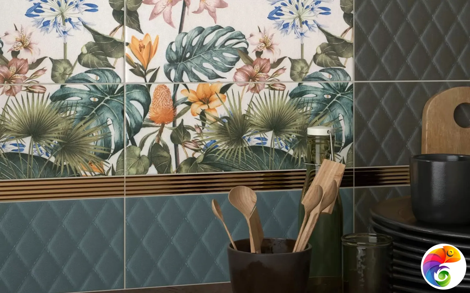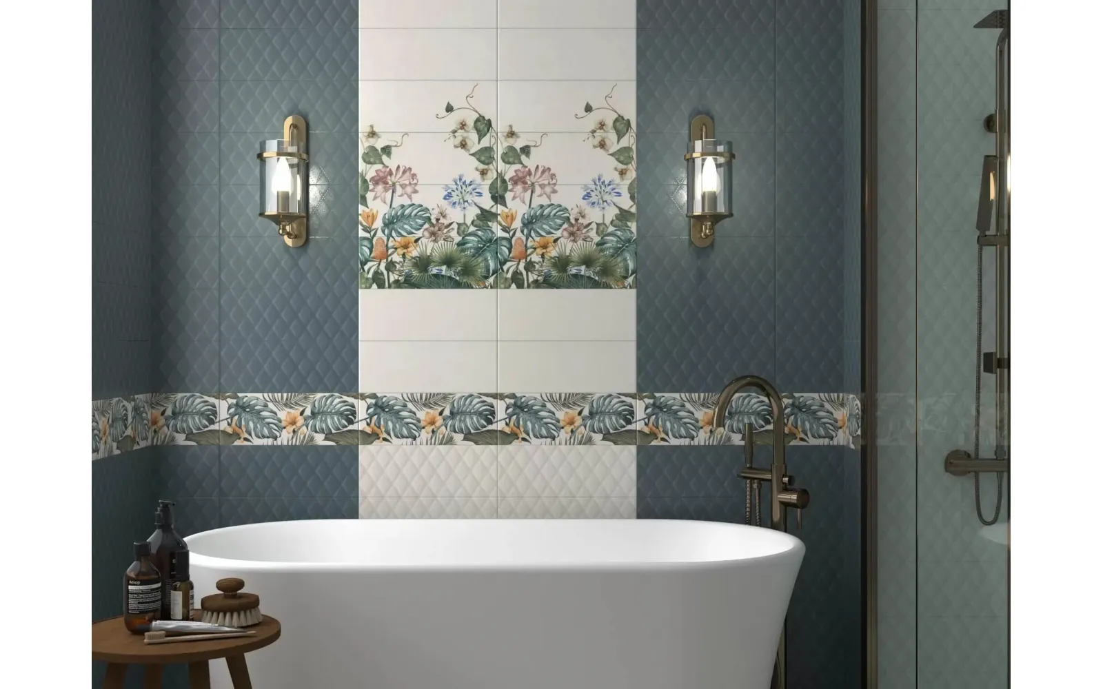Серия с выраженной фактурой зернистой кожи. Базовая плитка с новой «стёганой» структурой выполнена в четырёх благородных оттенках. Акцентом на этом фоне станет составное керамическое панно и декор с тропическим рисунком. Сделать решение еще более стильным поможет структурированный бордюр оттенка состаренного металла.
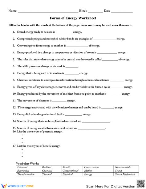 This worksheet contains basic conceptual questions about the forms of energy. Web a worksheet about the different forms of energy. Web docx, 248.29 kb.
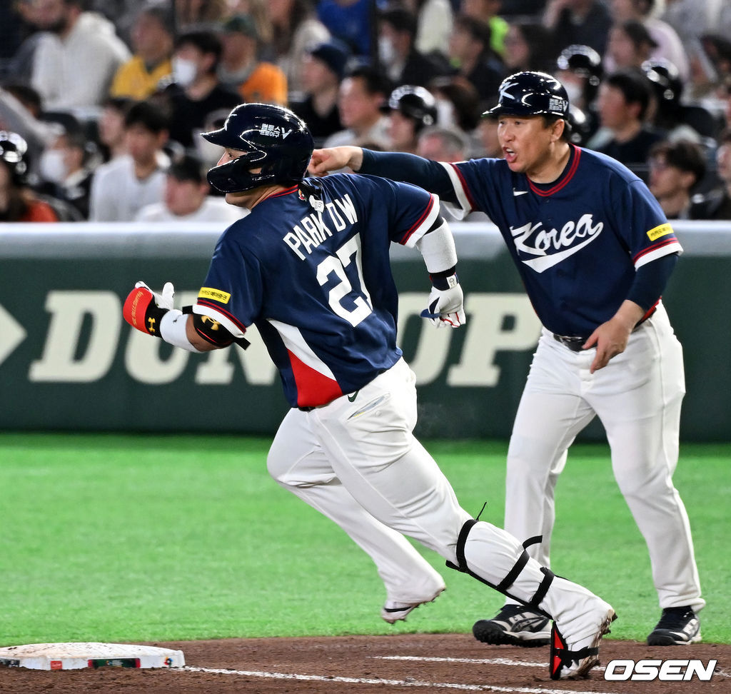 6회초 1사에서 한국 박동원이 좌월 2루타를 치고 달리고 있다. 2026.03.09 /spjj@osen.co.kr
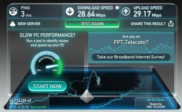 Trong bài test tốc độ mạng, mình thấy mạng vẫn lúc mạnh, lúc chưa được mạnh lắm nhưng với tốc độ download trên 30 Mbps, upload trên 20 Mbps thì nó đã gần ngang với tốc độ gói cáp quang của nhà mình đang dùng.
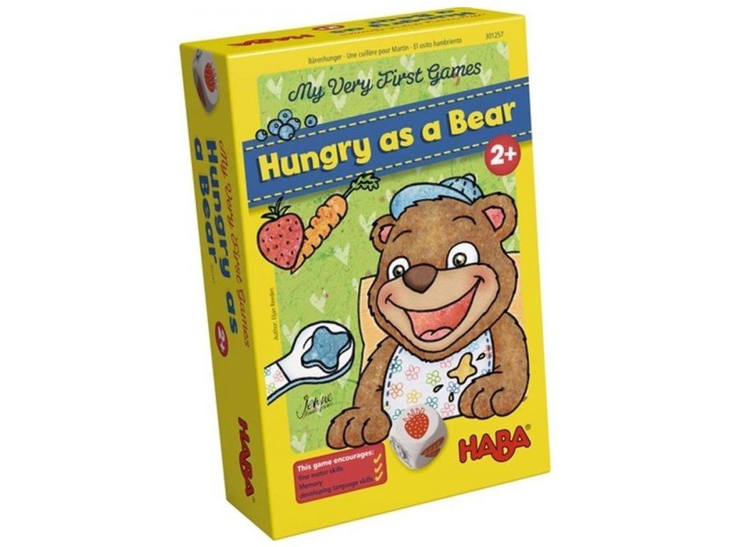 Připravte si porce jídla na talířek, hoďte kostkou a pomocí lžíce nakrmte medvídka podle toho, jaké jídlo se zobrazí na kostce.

YOUR INSTRUCTIONS:
Copy out all the data above exactly, minus the images.

ANSWER TO THIS TASK:
Серия с выраженной фактурой зернистой кожи. Базовая плитка с новой «стёганой» структурой выполнена в четырёх благородных оттенках. Акцентом на этом фоне станет составное керамическое панно и декор с тропическим рисунком. Сделать решение еще более стильным поможет структурированный бордюр оттенка состаренного металла.
 This worksheet contains basic conceptual questions about the forms of energy. Web a worksheet about the different forms of energy. Web docx, 248.29 kb.
 6회초 1사에서 한국 박동원이 좌월 2루타를 치고 달리고 있다. 2026.03.09 /spjj@osen.co.kr
 Trong bài test tốc độ mạng, mình thấy mạng vẫn lúc mạnh, lúc chưa được mạnh lắm nhưng với tốc độ download trên 30 Mbps, upload trên 20 Mbps thì nó đã gần ngang với tốc độ gói cáp quang của nhà mình đang dùng.
 Připravte si porce jídla na talířek, hoďte kostkou a pomocí lžíce nakrmte medvídka podle toho, jaké jídlo se zobrazí na kostce.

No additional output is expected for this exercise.